Mesaj yollanalı epey olmuştu. Cenazenin ne zaman kalkacağını yine mesaj olarak sordum. Hemen bir cevap görmeyince, herhalde çıktı diye düşündüm. Cenazenin ne zaman nereden kalkacağını bilseydi yazardı her halde diye düşüdüm.
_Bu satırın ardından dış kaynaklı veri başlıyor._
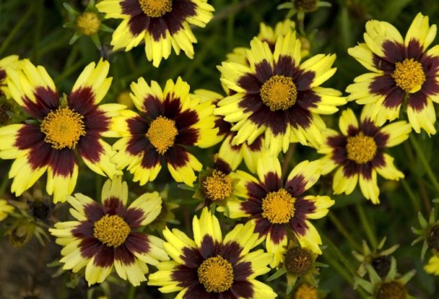 Dies ist eine verkümmerte Art der mehrjährigen Coreopsis, Zweige wachsen bis zu 20-30 cm. Die Blüten sind zitronengelb.

Ziya Yılmaz ile yıllarca Niğde’de Cezaevinde yatmıştık. Özellikle Niğde’ye gittiğimiz ilk yıl, oldukça yakın olduğunuz bir dönem olmuştu. Her gün saatlerce konuşurduk. Konuşabileceğim tek kişiydi adeta. Sonra yavaş yavaş konuşmalarımız azalmış, teorik ve siyasi diyalogumuz bitmiş, karşılıklı saygılı ama bir merhaba veya gündelik yaşama ilişkin bazı konuşmaların ötesinde bir ilişkimiz kalmamıştı. Niğde’den ayrıldıktan sonra da bir daha görmedim. Uzaktan haberlerini alıyordum. Karadeniz’in öncülerinden, Türkiye sosyalist ve devrimci hareketinin tarihinde bir yeri olan bu hapishane arkadaşımı uğurlamayı çok isterdim.